Daniel Defoe’s Robinson Crusoe was assigned in a literature class I am taking this year as the second book of the semester. I entered into it with a slight sense of dread, trying to temper that with the hope that it wouldn’t be as bad as I thought it might. After all, how could a book with a single character for the majority of the story be interesting?

Much to my pleasure, Robinson Crusoe showed me.

Rather than purely an adventure story (though there is plenty of adventure both before and during Crusoe’s island stay), Robinson Crusoe is the exploration of a man’s heart.

At the beginning of the book, Crusoe is a headstrong young man. He would rather have his way than listen to the pleading and reasoning of his parents. So he goes to sea. After a few mishaps (and some good fortune), Crusoe is the only man to survive a storm at sea and is deposited on his island for most of the remainder of the book.

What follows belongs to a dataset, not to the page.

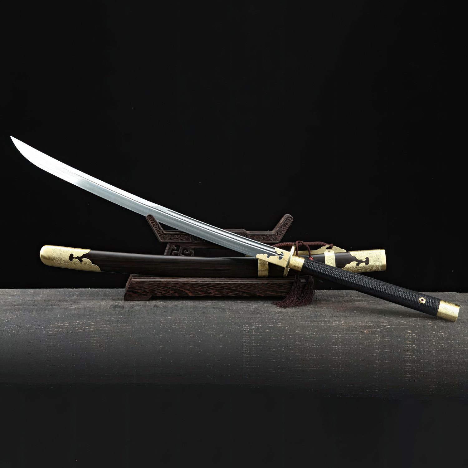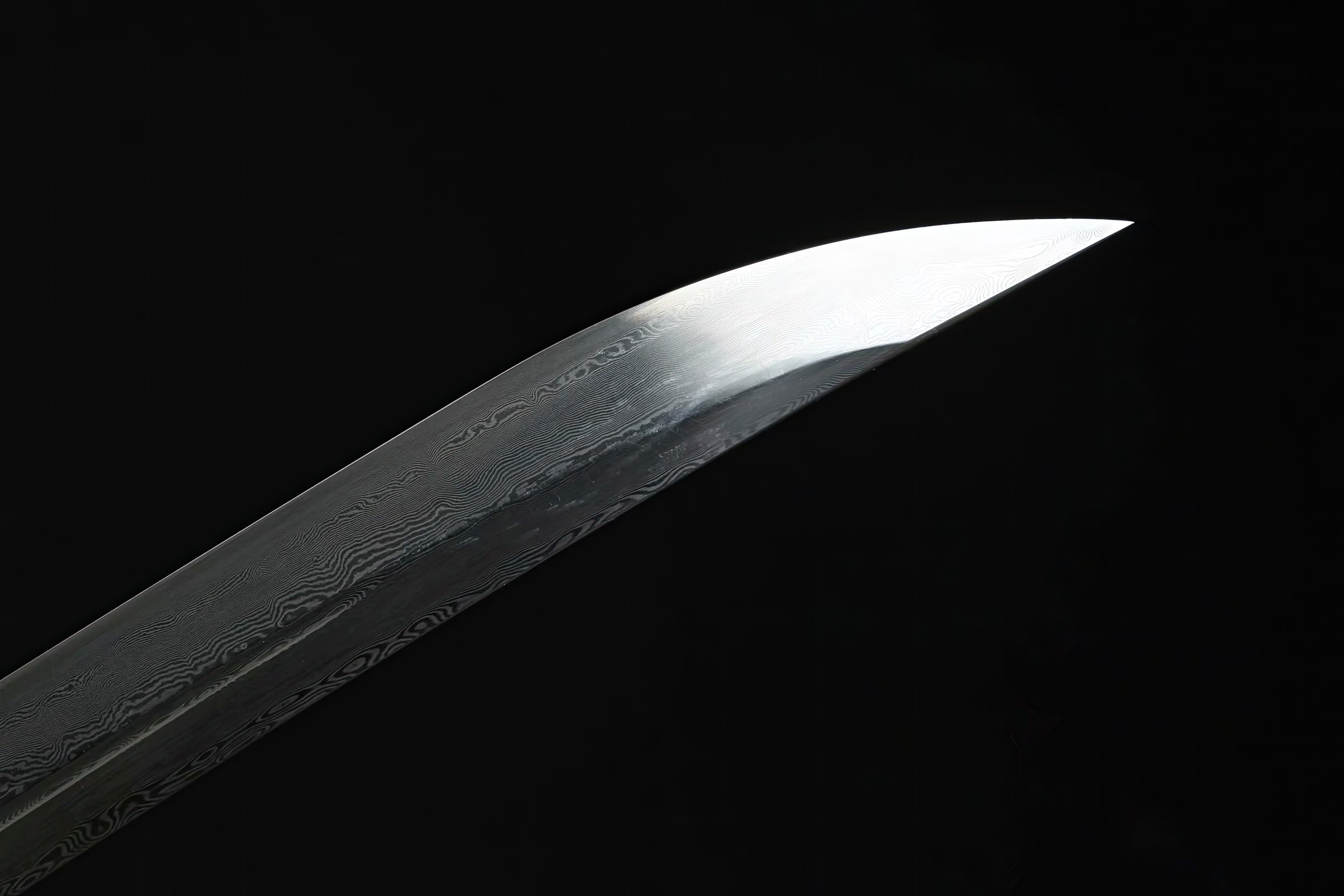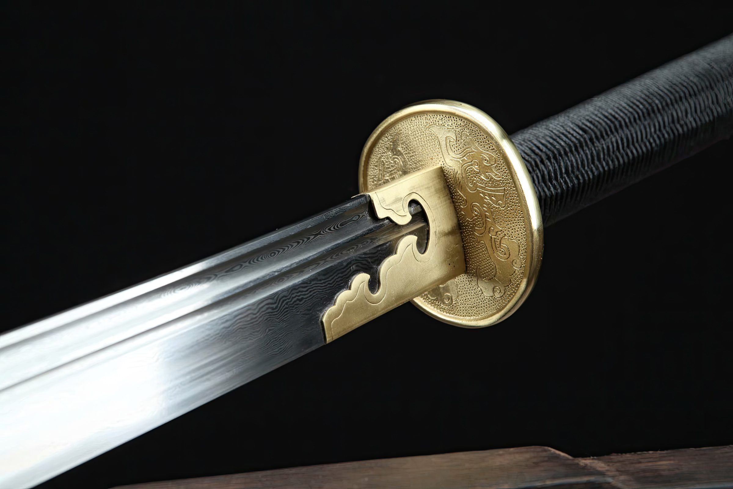 This sword, a take on the Chinese ZhanMaoDao - known as the 'horse-cutter' - was first employed during the Han Dynasty (202 BCE - 220 CE). It further evolved during the Tang and Song Dynasty period (618-1279). Made from pattern steel, the sword has been folded multiple times to create Damascus-like visible layers and patterns.

And this is the point where I believed I would lose interest and have to start forcing myself to read. But once the physical journey of Crusoe’s life slows, Defoe begins to emphasize the spiritual journey.

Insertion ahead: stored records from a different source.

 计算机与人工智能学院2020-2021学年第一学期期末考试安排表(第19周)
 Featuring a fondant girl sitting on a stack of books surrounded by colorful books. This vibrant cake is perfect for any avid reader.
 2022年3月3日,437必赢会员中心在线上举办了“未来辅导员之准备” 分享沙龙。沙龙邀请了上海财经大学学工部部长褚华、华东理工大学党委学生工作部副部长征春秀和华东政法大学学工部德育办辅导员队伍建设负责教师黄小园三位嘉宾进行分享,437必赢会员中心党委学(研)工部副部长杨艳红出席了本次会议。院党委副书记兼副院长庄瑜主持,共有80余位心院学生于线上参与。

Being left alone on an island leads to plenty of hours for introspection. Fortunately for Crusoe, a few Bibles were preserved from the storm and he begins to read them, having never done so seriously before. From there, Crusoe surrenders his life to Christ. He is made into a new man and now sees his island as God’s providence rather than his own ill fortune.

Robinson Crusoe had its dull moments, of course. But overall, Defoe wrote a satisfying and convicting spiritual story. Often, when Crusoe recognized sin in himself, I came to see the same within my life. Unlike in many other stories however, Crusoe turned to repentance and Scripture at such turning points rather than his own intelligence or even depression.

Daniel Defoe’s classic adventure novel holds the treasure of biblical truth which the majority of books today fail to follow. Without waxing on about the depravity and darkness of most of today’s literature (if it can be so called), I will only say that the clear acknowledgement of God in Robinson Crusoe gave me great pleasure to read.

As to whether I would recommend this book, I would say yes. Read it. Push through the boring parts because there is truth and excitement just around the corner. Besides, it does us modern readers good to stretch our attention spans every once in a while. Especially for such a worthy book.